Il nesso strutturale tra psiche e cultura viene ripensato a partire da quella ‘condizione antropologica fondamentale’ in cui nasce il soggetto umano, di cui parla Laplanche. L’esposizione all’altro-adulto, il quale è portatore non solo di un inconscio ma anche di una cultura, e la sua radicale ‘asimmetria’ rispetto all’infans viene parzialmente riattualizzata proprio nell’esperienza migratoria, non a caso assimilata da Leon e Rebeca Grinberg ad una esperienza di ‘ri-nascita’. Lo spaesamento rispetto alla lingua ‘straniera’, o meglio rispetto alla ‘lingua dell’altro’ che detiene un vero e proprio ‘potere’ di significazione rispetto al mondo, fa rivivere ‘in presa diretta’ la necessità, e la relativa impossibilità, di tradurre  un significante enigmatico. Significanti in cui si fondono messaggi linguistici ed extralinguistici, tonalità affettive difficilmente decifrabili, habitus corporei, per di più continuamente infiltrati da emergenze inconsce che, non a caso, vengono particolarmente sollecitate dall’incontro coi migranti. L’incontro transculturale dunque diventa uno dei luoghi in cui il sessuale infantile riemerge con particolare intensità, soprattutto quando si ‘presenta’ privo della sua abituale ‘forma’ simbolico-culturale.

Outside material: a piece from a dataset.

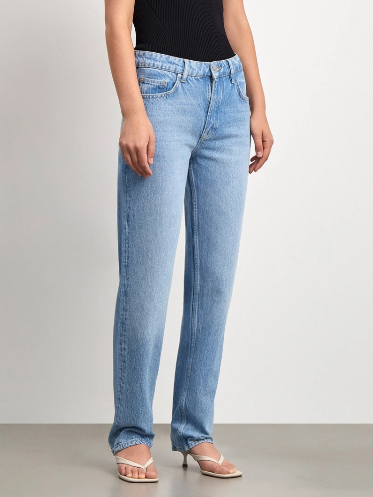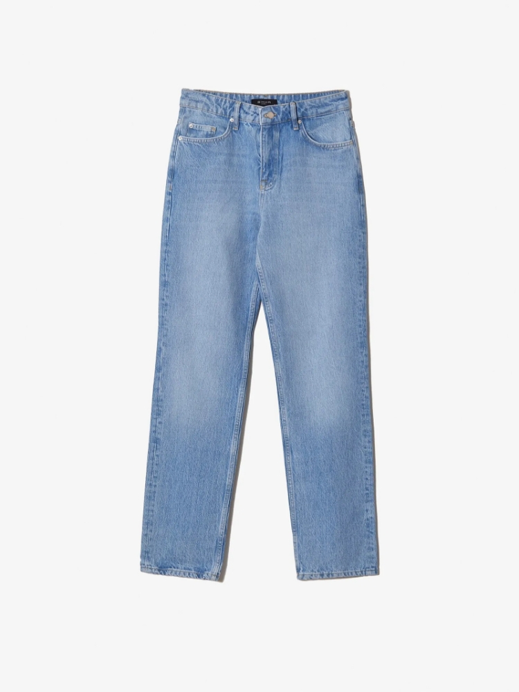 Голубые джинсы из качественного хлопка. Модель прямого кроя имеет высокую посадку. Застёгивается на молнию и пуговицу. Сзади располагаются накладные карманы. Спереди имеются два прорезных кармана по бокам. Базовые джинсы незаменимы в гардеробе и сочетаются с любым верхом

Inoltre il tema classico dei rapporti tra psicoanalisi e antropologia, ovverosia come declinare le differenze culturali tenendo comunque conto dell’universalità della psiche, viene nel nostro caso in parte ribaltato dal momento che si tratta invece di comprendere come diversi ancoraggi simbolici e culturali possano confluire nella costruzione del senso di identità individuale. In particolare la costruzione di queste identità ‘nomadi’ tra diversi ancoraggi simbolici e culturali si manifesta nelle ‘seconde generazioni’ di migranti.

Nei transiti migratori si attiva, dunque, una profonda precarietà e trasformazione di quei referenti metapsichici e metasociali (Kaes) che ‘stabilizzano’ istanze rimoventi, strutture narcisistiche e catene genealogiche, costruttrici di legami e di senso. La relazione primaria risente profondamente di tali effetti destabilizzanti  ed è qui che si annidano le fratture più profonde e nascoste del fenomeno migratorio. Ripensare la funzione materna porta-parola alla luce dei transiti migratori, così come le cruciali questioni dell’originario, della trasmissione transgenerazionale e della funzione paterna contesa tra rappresentanti dell’ordine simbolico originario e di quello adottivo, costituiscono allora aree di fondamentale interesse, mentre diventa centrale la nozione di ‘confine’ e di ‘lavoro sui confini’, sia psichici che relazionali che culturali.

In questa generale labilità degli strumenti simbolici che consentono di costruire la propria identità, si aprono quei drammatici processi storici che comportano, secondo Fethi Benslama (2012), una vera e propria revoca soggettiva, una revoca dello statuto di soggetto per interi gruppi umani, con la conseguenza di autentiche ‘patologie’ del legame sociale e delle costruzioni identitarie.

Appare dunque necessario ripensare tutta la questione dell’appartenenza culturale alla luce di questi veri e propri ‘fondamenti’ della costituzione soggettiva  cui il sapere psicoanalitico dà accesso, mentre i transiti migratori comportano soprattutto la necessità di analizzare i processi di accelerato cambiamento e  ibridazione culturale che ne conseguono.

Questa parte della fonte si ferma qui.